Ce document consternant n’est rien d’autre que l’aboutissement logique du Synode sur les jeunes, où les organisateurs n’ont cessé de marteler que ces derniers devaient enseigner l’Eglise, laquelle se mettait à leur écoute. Ces malheureux ignorants sont moins coupables que ceux qui ont suscité cette inversion profonde de la structure hiérarchique de l’Eglise. Lorsque les pasteurs n'enseignent plus, le troupeau part dans toutes les directions.

D’une révolution l’autre... 

Un parallèle entre l’évolution de la révolution française et la révolution conciliaire s’impose, pour montrer comment les faits s’enchaînent. Louis XVI a convoqué les Etats généraux qui ont ouvert la boîte de Pandore. Est venue la révolution avec ses excès sanglants et la destruction délibérée de l’ordre ancien. Bonaparte a rétabli l’ordre, mais c’était l’ordre révolutionnaire qu’il a systématiquement organisé. Après sa chute, la Restauration a donné l’illusion d’un retour à l’ordre ancien. Mais elle s’acheva par la révolution des Trois Glorieuses. 

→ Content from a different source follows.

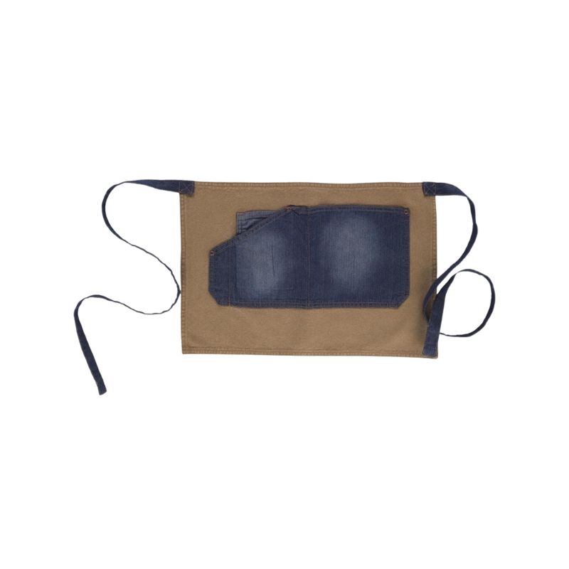 Delantal francés corto en tejido canvas combinado con vaquero. Un bolso central de corte asimétrico compartimentado con bolsillo relojero interior. Cintas de tejido vaquero para ajustar en la cintura. Diseño contemporáneo con desgastado y remaches de cobre.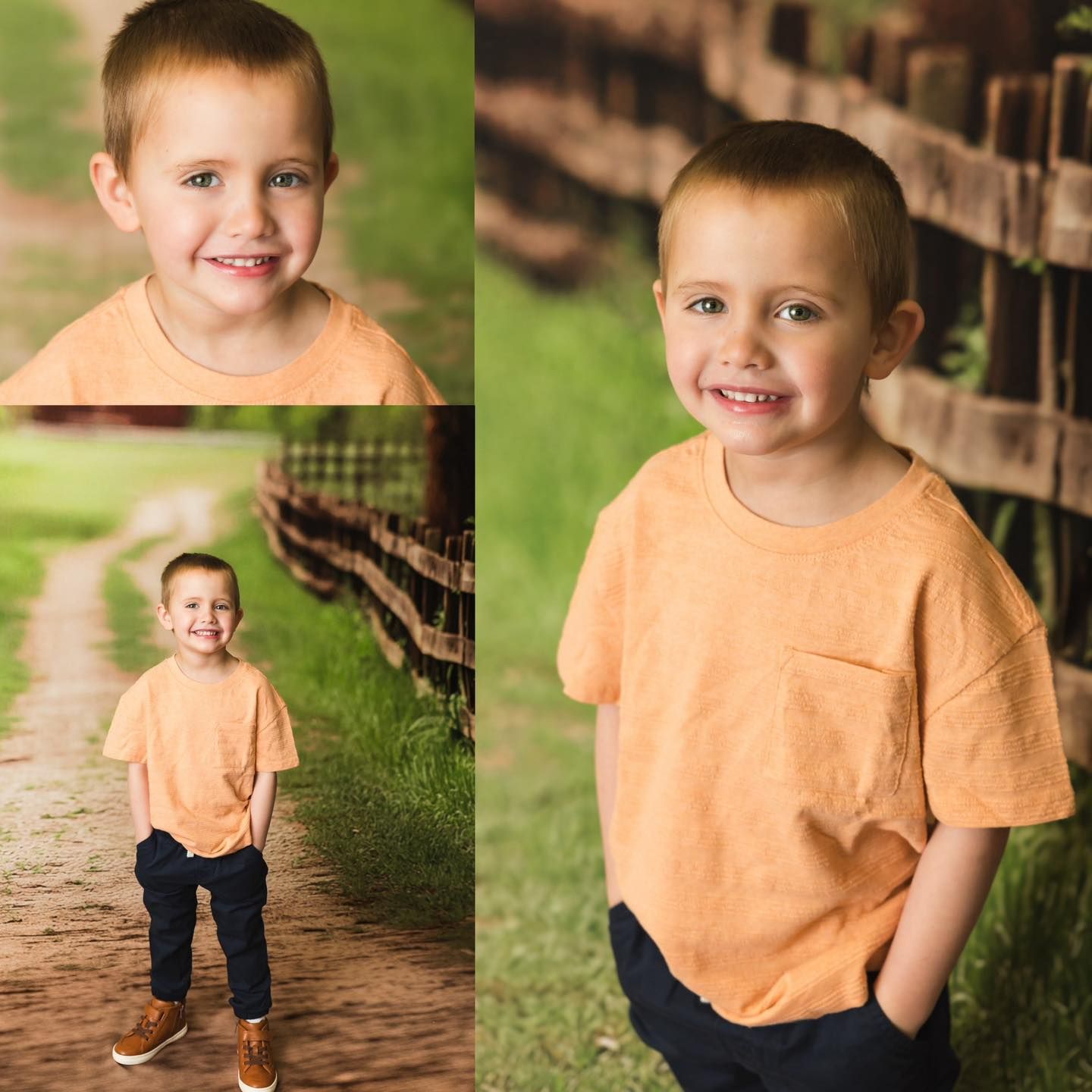 • Boy smiling in orange shirt and dark pants, hands in pockets, against a brick wall and wooden floor.

Après que Jean XXIII eût convoqué le concile Vatican II, Paul VI a mené la révolution en lançant les réformes au cours d’une période aux soubresauts formidables. Jean-Paul II a été le Napoléon du Concile en l’organisant dans les textes législatifs et dans une praxis œcuménique. Benoît XVI a fait croire à une restauration, qui ne faisait que continuer le Concile autrement. Et nous sommes maintenant revenus à des soubresauts révolutionnaires, d’un Concile impatient de montrer tous ses fruits empoisonnés.